Atmospheric gravity waves can occur at all altitudes in the atmosphere and are important for the transport of energy and momentum from one region of the atmosphere to another, to initiate and modulate convection and subsequent hydrological processes, and to inject energy and momentum into the flow. When the gravity wave breaks, the resulting turbulence mixes atmospheric chemicals. These wave-breaking processes occur globally and affect climate of the mesosphere and stratosphere.

These mesoscale-regional scale processes have global significance because of their accumulative effects from the global distribution of various wave sources. The primary challenges to observational, numerical, and analytical studies are how to better quantify gravity wave excitation as it is related to various tropospheric processes, the global distribution of the wave sources, their propagation and breaking, and the multiscale interactions involving gravity waves.


The difficulty in producing the observed Arctic climate change in models may be a result of not including gravity waves in the models.
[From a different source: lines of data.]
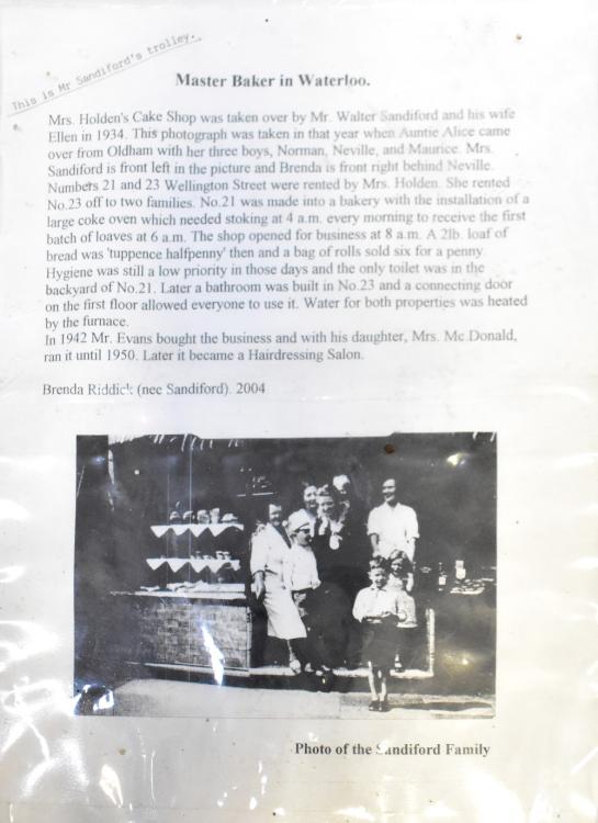 Lot 32 of 1102: A 1930s three-tier baker's stand on castors, painted in a green and blue finish, from Mrs Holden's Cake Shop in Waterloo, taken over by Master Baker Mr Walter Sandiford and his wife in 1934, this being Mr Sandiford's trolley from the shop in Wellington Street, Waterloo, 120 x 106 x 50cm.
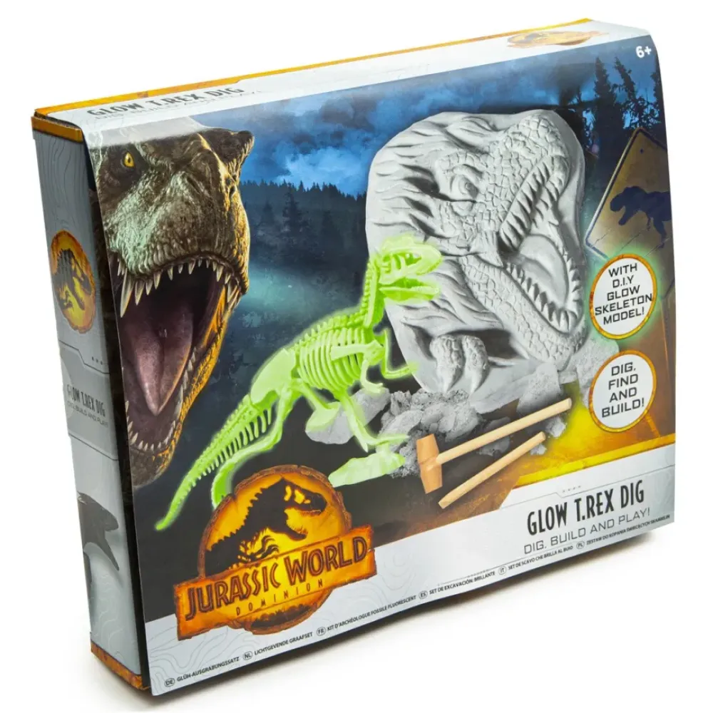 ¡Excava, Encuentra, Construye Y Juega! Con Este Set De Excavacion Del T-Rex Luminoso De Jurassic World. El Juego Incluye: Bloque De Excavacion, Esqueleto De T-Rex Para Construir Y Fabricar, Que Brilla En La Oscuridad , Hoja Informativa Sobre Los Dinosaurios, Cincel Y Martillo.
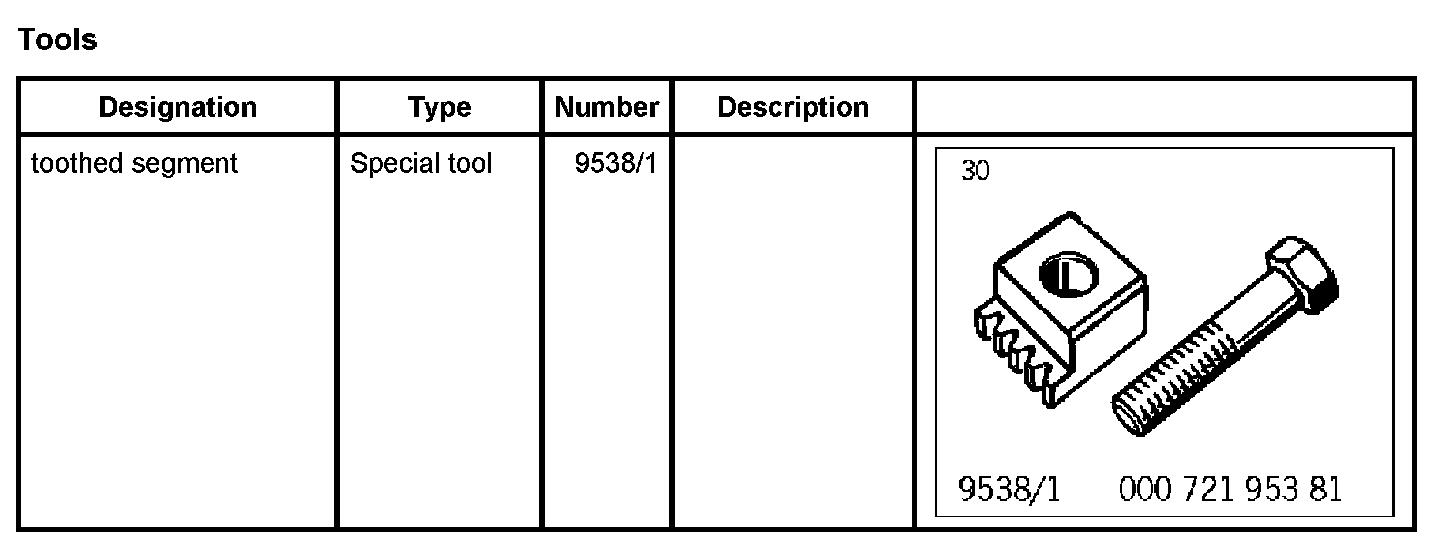 1. To counter, fit toothed segment 9538/1 to the crankcase using an M12 x 50 hexagon-head bolt (fine thread).
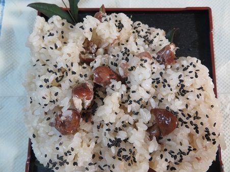 お隣さんから、赤飯を頂きました。
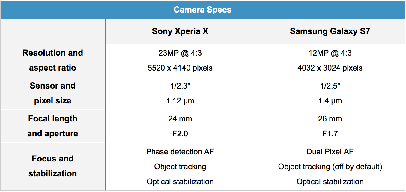 갤럭시S7에서 카메라에 집중한 삼성은 1600만에서 1200만으로 화소를 줄이는 대신, 픽셀 하나하나가 받아들이는 빛의 양을 늘려서 ‘화질’을 높이는데 집중했고, 반면에 소니는 더욱 ‘큰’ 해상도의 사진을 위해 집중한 것이다.

The most likely energy source mechanisms are latent heat release in deep convection and shear instability, in which waves can extract energy from the jet stream when vertical wind shear is sufficiently strong to reduce the Richardson number below 0.25. Alternatively, wave energy loss can be prevented by an efficient wave duct, which appears to be the most prevalent of the three mechanisms described.

Gravity waves are maintained by wave-ducting processes requiring a layer of static stability (the duct depth near the surface), no critical levels (wind moving in the direction of the wave at the same speed) in the lower stable layer that would absorb the wave’s energy, and a reflecting layer above the stable layer to keep the wave from losing its energy.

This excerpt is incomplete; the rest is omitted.